May 06 15:13:46 host1 bash[7542]: 06/05/2020 21:13:46 : epoch 5eb3287e : host1 : ganesha.nfsd-1[main] nfs_start :NFS STARTUP :EVENT :-------------------------------------------------
May 06 15:13:46 host1 bash[7542]: 06/05/2020 21:13:46 : epoch 5eb3287e : host1 : ganesha.nfsd-1[main] nfs_start :NFS STARTUP :EVENT :             NFS SERVER INITIALIZED
May 06 15:13:46 host1 bash[7542]: 06/05/2020 21:13:46 : epoch 5eb3287e : host1 : ganesha.nfsd-1[main] nfs_start :NFS STARTUP :EVENT :-------------------------------------------------
May 06 15:13:57 host1 systemd[1]: Stopping Ceph nfs.foo.host1 for 05b7b025-8a6d-43a6-bef2-701222ad75d7...
May 06 15:13:57 host1 bash[7542]: 06/05/2020 21:13:57 : epoch 5eb3287e : host1 : ganesha.nfsd-1[Admin] do_shutdown :MAIN :EVENT :NFS EXIT: stopping NFS service
May 06 15:13:57 host1 bash[7542]: 06/05/2020 21:13:57 : epoch 5eb3287e : host1 : ganesha.nfsd-1[Admin] do_shutdown :MAIN :EVENT :Stopping delayed executor.

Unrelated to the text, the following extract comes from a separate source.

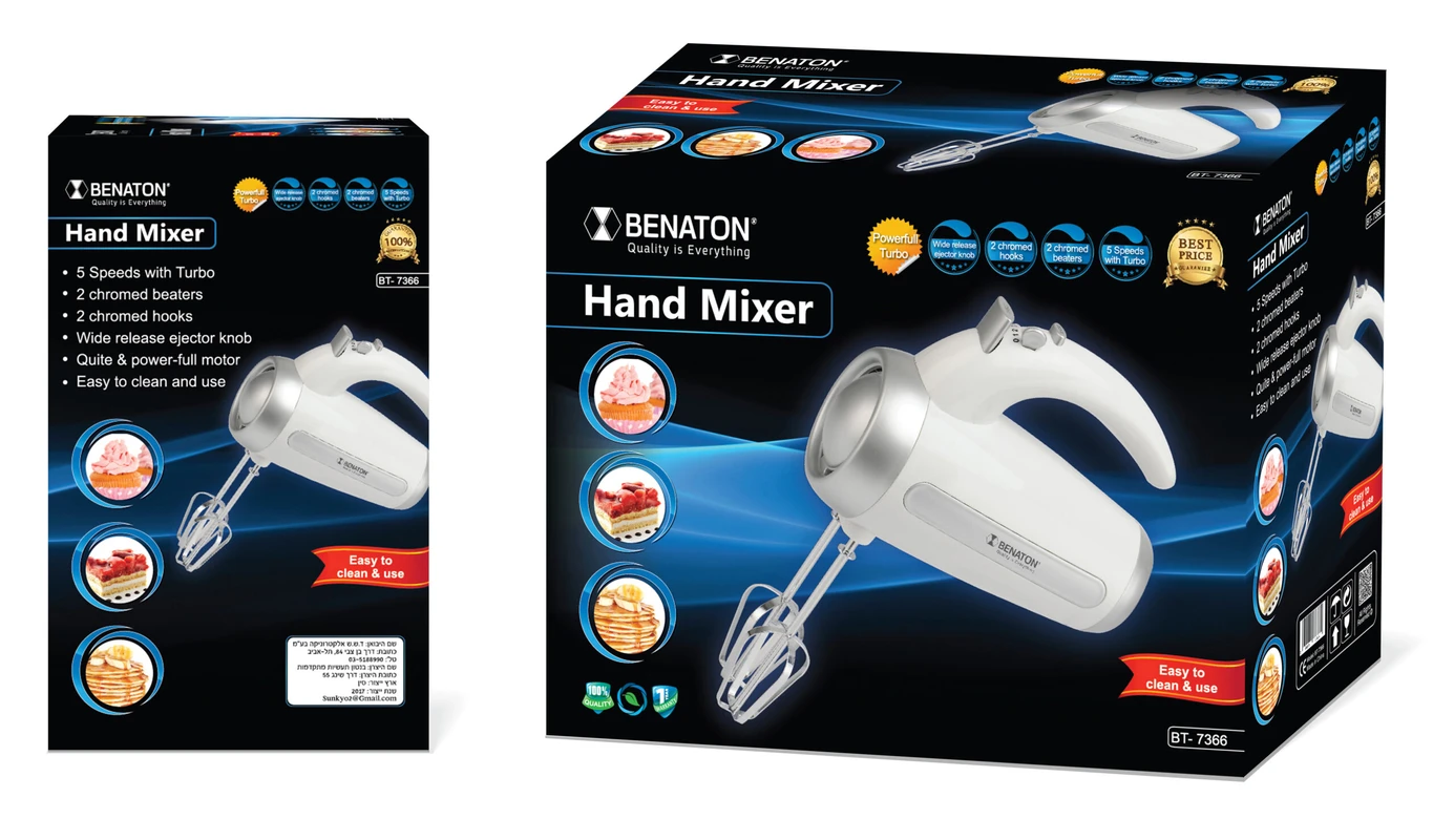 - מיקסר מקצועי בעיצוב ארגונומי נוח במיוחד ופעולה עוצמתית ושקטה מבית BENATON

May 06 15:13:57 host1 bash[7542]: 06/05/2020 21:13:57 : epoch 5eb3287e : host1 : ganesha.nfsd-1[Admin] do_shutdown :MAIN :EVENT :Delayed executor stopped.
May 06 15:13:57 host1 bash[7542]: 06/05/2020 21:13:57 : epoch 5eb3287e : host1 : ganesha.nfsd-1[Admin] do_shutdown :MAIN :EVENT :Stopping state asynchronous request thread
May 06 15:13:57 host1 bash[7542]: 06/05/2020 21:13:57 : epoch 5eb3287e : host1 : ganesha.nfsd-1[Admin] do_shutdown :THREAD :EVENT :State asynchronous request system shut down.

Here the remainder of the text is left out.